MNRF cancels aerial moose surveys in five Management Units in northwestern Ontario
Warm weather and "unfavourable conditions" in January blamed for cancellations
The Ministry of Natural Resources and Forestry has cancelled more than half the aerial moose surveys scheduled for northwestern Ontario due to what it calls "unfavourable conditions."
Jolanta Kowalski, the Senior Media Relations Officer with the MNRF, says survey conditions were good until early January.
However, she said two weeks of abnormally warm weather right across the northwest region created problems for the biologists doing the aerial count.
``When you get that extensive warm weather, moose kind of shift into conifer cover," said Kowalksi. "And they will stay there generally until the snow melt in the spring. If they are under cover, it makes it a bit difficult to count their numbers."
Kowalski said surveys were completed for 3 Wildlife Management Units including 5, 7A/7B and 14. Surveys were cancelled in 5 WMUs including 8, 9A, 9B, 11A and 13.
"What were are doing now is with the survey's done in the northwest, we are going to look at the results, " Kowalski said. "And then we will try to assess - relative to population trends - what the moose population objectives should be for those wildlife management units on both a bull to cow ratio, and a calf recruitment level."
Kowalski said there are no plans to reschedule the flights cancelled. She said in units that missed getting surveyed, MNRF biologists will use inventory results and estimates from previous surveys.
John Kaplanis, the executive director of the Northwestern Ontario Sportsman's Alliance, is upset the ministry has had to cancel five of the eight aerial moose surveys scheduled this winter in the region. "Heavy disappointment is a very good way to put it," he said.
Kaplanis - an avid moose hunter - said the continual decline of moose is a primary concern of both his membership and many non-hunting residents.He said everyone who cares about moose in Ontario looks to the MNRF for guidance.
"We put a lot of hope, and faith, into this agency to conduct moose management and monitoring the population," he said. "Especially in light of the fact that currently, we are in an declining population mode for moose."
Kaplanis, who said he has been a volunteer observer on 3 previous aerial surveys for MNRF, said some good flying conditions in late December were largely missed by the ministry. He said he believed lack of available staff may have been one reason, as well as a lack of aircraft.
"You have to have your ducks in a row," said Kaplanis. "You have to have flight availability.Your helicopters have to be ready to go. You can't be lending them out to other agencies within the government. We heard that happened with one of the helicopters."

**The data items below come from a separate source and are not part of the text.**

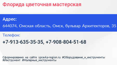 Флорида, цветочная мастерская по адресу 644074, Омская область, Омск, бульвар Архитекторов, 35 в дальнейшем Организация, размещена в следующих категориях:
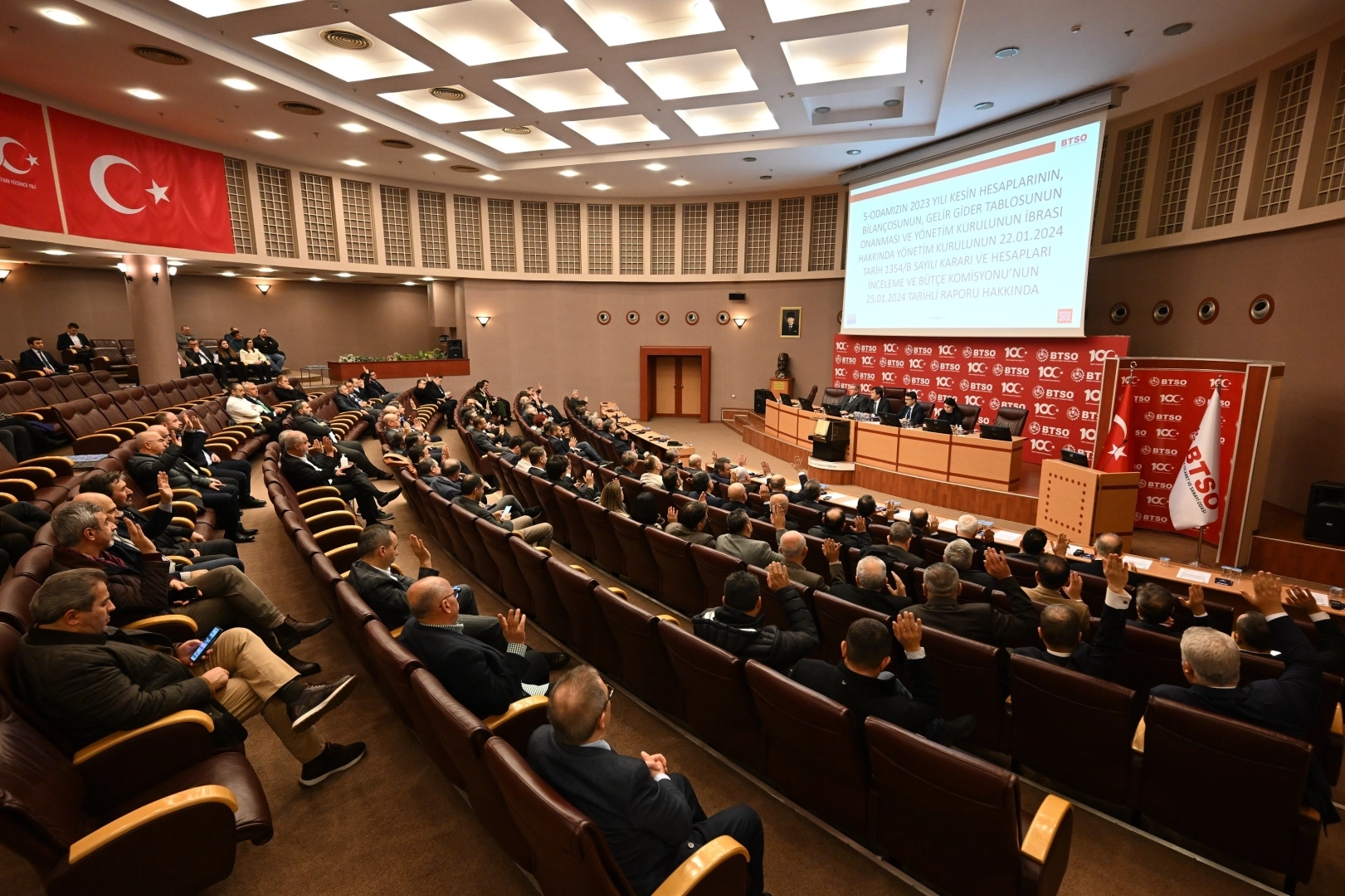 “Sürdürülebilir büyüme hedefiyle çalışacağız” BTSO Meclis Başkanı Ali Uğur, Türkiye’de ve dünyada ne yazık ki üzücü olaylarla geçen 2023 yılını geride bıraktıklarını belirterek, “İş dünyamızın daha fazla ihracat, üretim, istihdam ve yatırım yapmasını sağlayacak yapısal reformların hayata geçirilmesi büyük bir önem arz ediyor. İş dünyamızın kararlılığı ve devletimizin destekleriyle yaşanan tüm zorluklara rağmen sürdürülebilir bir büyüme hedefiyle kent ve ülke ekonomimizi ileriye taşıyacak adımları hep birlikte atacağımıza inanıyorum” ifadelerini kullandı.
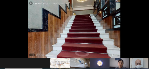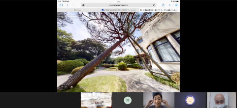 授業者の山本裕史先生との事前打ち合わせ時に、今年もオンラインの利点を活かした授業を開発・実践したいとの意向を受け、昨年度他校とのオンライン授業で当館の石岡瑛子展VRコンテンツを活用した事例を伝えたところ、1人に1台タブレットがいきわたったので、ぜひVRコンテンツを活用した授業を行いたいとリクエストがありました。しかし残念ながら石岡瑛子展VRコンテンツは期間限定で既にサイトが閉じられています。そこで財団施設内でVRコンテンツを探したところ、庭美のWEBサイト内にVR建物紹介があり、これを活用することにしました。庭美の教育普及担当にも打診し庭美にとっても初めてのオンライン授業なので是非にということから協働での連携授業が実現しました。

Moose have been on a steady decline in Ontario. A report last year by the Environmental Commissioner noted that decline has been about 20% of the herd over the past decade. Similar declines in moose have been noted in Manitoba and northern Minnesota. Minnesota ended moose hunting several years ago. Manitoba has also has tried to stop declines by limiting hunting in certain areas.
Kaplanis said there really isn't any time left to delay.
"If moose are a priority and you are definitely going to commit to research and monitoring, then you have to put your resources in play," he said. "And we think that they agency need to re-evaluate its comitment to moose management."